[[ Given data open ]]

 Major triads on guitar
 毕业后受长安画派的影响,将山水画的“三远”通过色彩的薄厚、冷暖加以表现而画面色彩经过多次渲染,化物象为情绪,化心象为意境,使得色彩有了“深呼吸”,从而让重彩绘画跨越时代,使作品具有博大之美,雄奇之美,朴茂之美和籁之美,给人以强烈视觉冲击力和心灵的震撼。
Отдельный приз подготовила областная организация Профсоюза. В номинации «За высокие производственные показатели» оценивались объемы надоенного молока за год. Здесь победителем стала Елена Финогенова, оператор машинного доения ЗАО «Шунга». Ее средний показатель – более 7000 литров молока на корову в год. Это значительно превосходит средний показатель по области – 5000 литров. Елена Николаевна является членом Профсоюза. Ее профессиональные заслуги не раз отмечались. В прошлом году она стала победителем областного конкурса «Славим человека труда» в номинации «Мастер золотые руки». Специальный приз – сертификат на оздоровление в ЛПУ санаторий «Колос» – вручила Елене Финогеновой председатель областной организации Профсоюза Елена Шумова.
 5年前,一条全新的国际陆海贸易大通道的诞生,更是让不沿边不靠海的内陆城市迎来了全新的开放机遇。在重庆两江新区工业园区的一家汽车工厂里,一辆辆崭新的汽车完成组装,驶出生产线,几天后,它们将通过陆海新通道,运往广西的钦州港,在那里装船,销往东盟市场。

[[ Given data closed ]]
[[ Given data open ]]

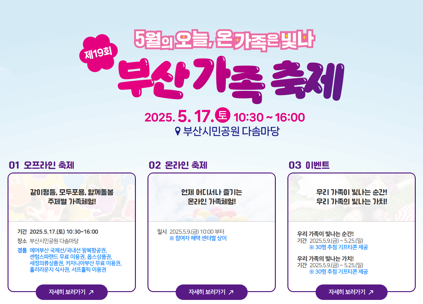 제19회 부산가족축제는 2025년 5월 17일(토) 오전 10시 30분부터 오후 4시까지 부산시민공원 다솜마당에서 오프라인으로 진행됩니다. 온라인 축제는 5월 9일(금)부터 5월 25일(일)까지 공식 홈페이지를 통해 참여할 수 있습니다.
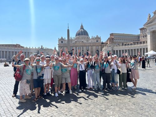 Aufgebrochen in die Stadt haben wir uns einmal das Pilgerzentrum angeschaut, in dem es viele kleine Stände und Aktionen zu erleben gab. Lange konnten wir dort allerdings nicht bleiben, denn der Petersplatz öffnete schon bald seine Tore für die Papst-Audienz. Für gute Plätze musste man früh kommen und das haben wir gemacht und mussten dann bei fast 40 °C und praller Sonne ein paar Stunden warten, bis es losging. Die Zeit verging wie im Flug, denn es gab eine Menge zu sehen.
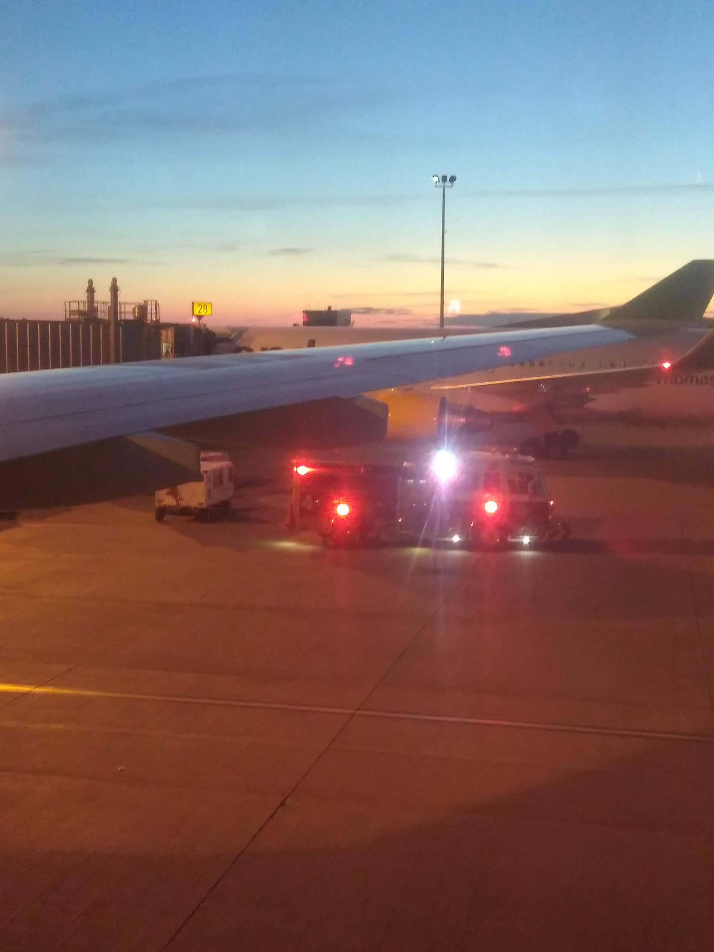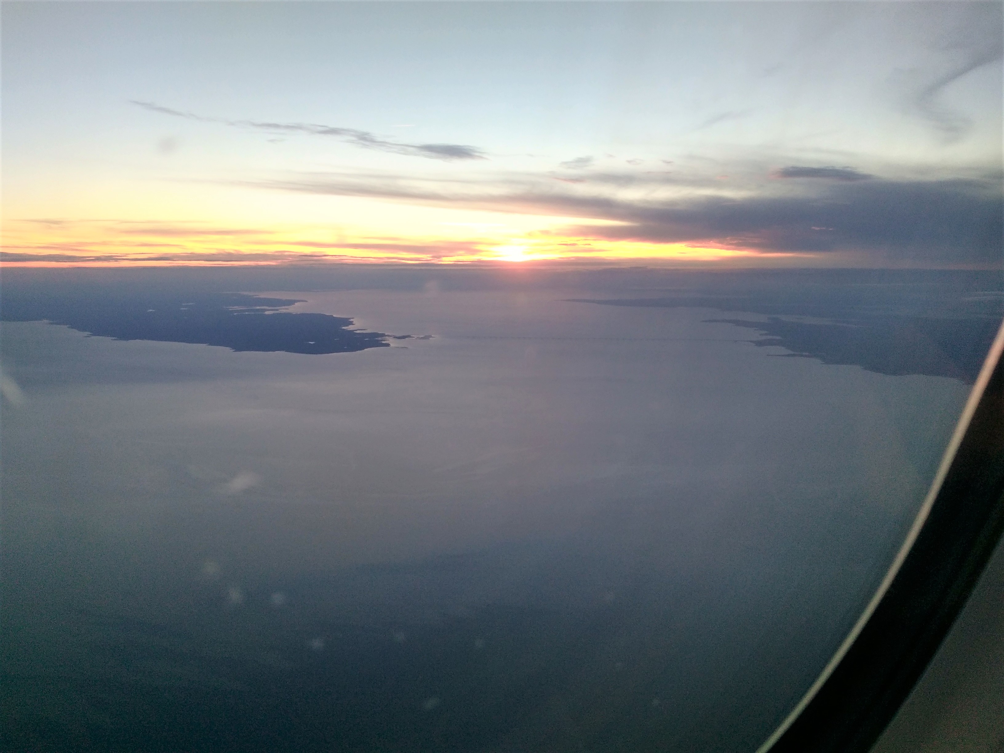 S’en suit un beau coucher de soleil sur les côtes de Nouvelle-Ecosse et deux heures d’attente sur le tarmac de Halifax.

[[ Given data closed ]]

• _What you will do_: In the entries above, restate word for word the lines between the one holding "Major triads on guitar" and the one holding "毕业后受长安画派的影响,将山", inclusive, and nothing besides.

• _Solution to this task_:
 Major triads on guitar
 毕业后受长安画派的影响,将山水画的“三远”通过色彩的薄厚、冷暖加以表现而画面色彩经过多次渲染,化物象为情绪,化心象为意境,使得色彩有了“深呼吸”,从而让重彩绘画跨越时代,使作品具有博大之美,雄奇之美,朴茂之美和籁之美,给人以强烈视觉冲击力和心灵的震撼。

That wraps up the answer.